How a Killer Virus Emerged: Changed Environment + Mutation = Evolution

It’s a medical mystery: Exactly how do emerging viruses such as SARS, HIV and hantavirus suddenly burst forth, seemingly from nowhere, to start infecting people and causing lethal diseases, sometimes in epidemic proportions?


In research that shines light on this worrisome phenomenon, a team of scientific sleuths based at the University of Texas Medical Branch at Galveston (UTMB) has examined and tested viruses from two late-20th-century outbreaks of Venezuelan equine encephalitis (VEE)—a deadly illness that can cause brain inflammation in horses and people—and compared them with a very similar virus that doesn’t tend to infect horses or people. The outbreaks occurred in 1993 and 1996 in deforested regions of the Mexican states of Chiapas and Oaxaca. In at least this case, the solution to the mystery is, as Sherlock Holmes might put it, “Evolutionary, my dear Watson.”

The scientists cite evidence suggesting that by replacing forests with ranchland along a 500-mile-long, 20- to 50-mile-wide swath of Mexico’s and Guatemala’s Pacific coastal plains, people put extreme evolutionary pressure on the strain of the VEE virus formerly prevalent there. This VEE virus previously was believed to be spread by a particular sub-species of mosquito known as Culex (Melanoconion) taeniopus as that feeds mainly on and infects rodents and other small mammals but that is not thought to be effective at transmitting the virus to horses or people to cause epidemics.

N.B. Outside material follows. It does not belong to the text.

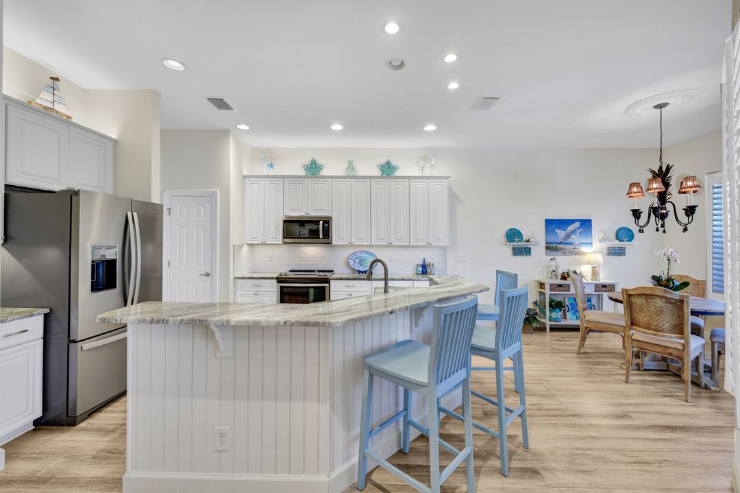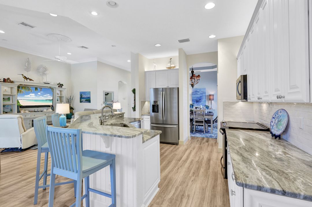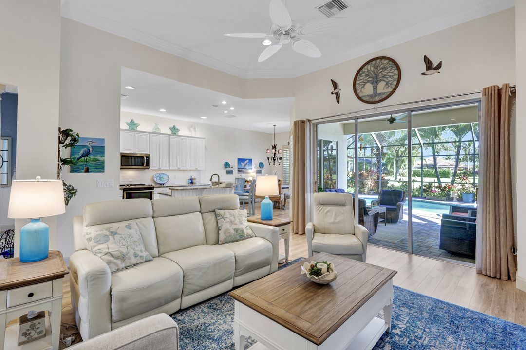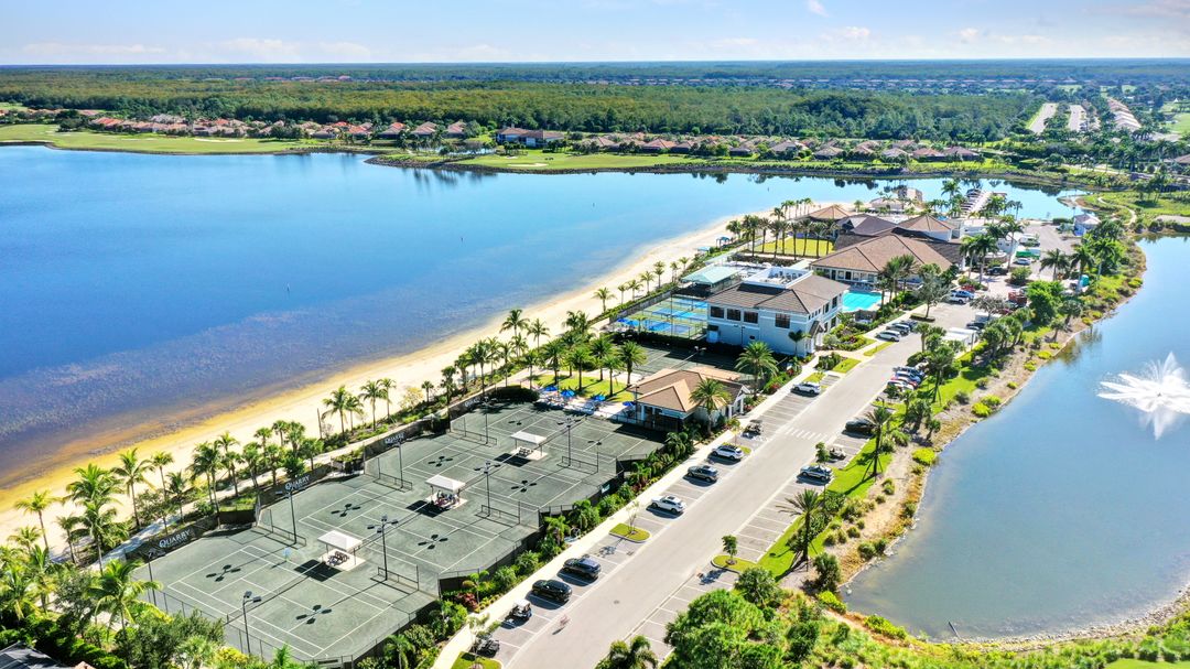 LIVE A VACATION LIFESTYLE IN A COUNTRY CLUB SETTING! This 3 BEDROOM PLUS DEN, 3 FULL BATH home is situated on a quiet cul-de-sac and a short walk to the Amenity Rich Beach Club AND has an IMMEDIATE (Avoid waitlist) GOLF MEMBERSHIP AVAILABLE TO PURCHASE (OPTIONAL.) This open and airy Great Room Style floor plan leads to the spacious lanai which boasts a salt water pool, spa, and a beautiful water view.The updated kitchen features white cabinets, granite countertops and newer (5 years) stainless steel appliances. Special features include crown molding, plantation shutters, tile throughout (no carpet), tray ceiling in master and dining room, newer pool pump and piping, newer roof (5 years) plus more! The Quarry is an active lifestyle gated lakefront community offering over 500 acres of lakes for boating, water skiing, paddle boarding, jet skiing, kayaking, and fishing.The Beach Club includes Tennis, Pickleball, Bocce Ball, a Tiki Bar, Restaurant, Pool-Side food/drink service, a Wellness Center, and a full-time activities director, wellness director and a physical therapist. The Beach Club is undergoing an $18 million Expansion Project due to be completed December 2023.

In a paper to be published in the Aug. 3 issue of the Proceedings of the National Academy of Sciences (PNAS), the researchers suggest that as deforestation wiped out the Culex sub-species, a single genetic mutation in the virus allowed it to move into a brand new niche. The mutation increased its ability to infect and be transmitted by an entirely different species of mosquitoes, called Ochlerotatus taeniorhynchus—which prefers for its blood-meal to feed on horses and other large mammals.

The virus-altering mutation was described as a single change, or substitution, in an amino-acid building block of the envelope glycoprotein. The envelope glycoprotein is the primary part of a virus that worms its way into the cells of host species via the host cells’ receptors. In addition to facilitating the virus’s infection of a new vector species (as insects and other organisms that transmit diseases are called), the researchers found that this amino acid substitution also had the effect of abruptly making the virus much more infectious and easily transmitted by this mosquito to horses and people.

No samples exist today of the VEE virus strain that once circulated between mosquitoes and small mammals in forests and swamps along the Chiapas and Oaxaca coastal plains. But the researchers had access to samples of a similar VEE virus widespread in the nearby coastal Guatemalan community of La Avellana between 1968 and 1980. By making a DNA copy of that Guatemalan virus genome, the scientists were able to prompt mutations in the lab that resulted in amino acid changes in the envelope glycoprotein. Just one of those changes in the Guatemalan virus, it turned out, controlled the infectivity of the virus for the mosquito species Ochlerotatus taeniorhynchus.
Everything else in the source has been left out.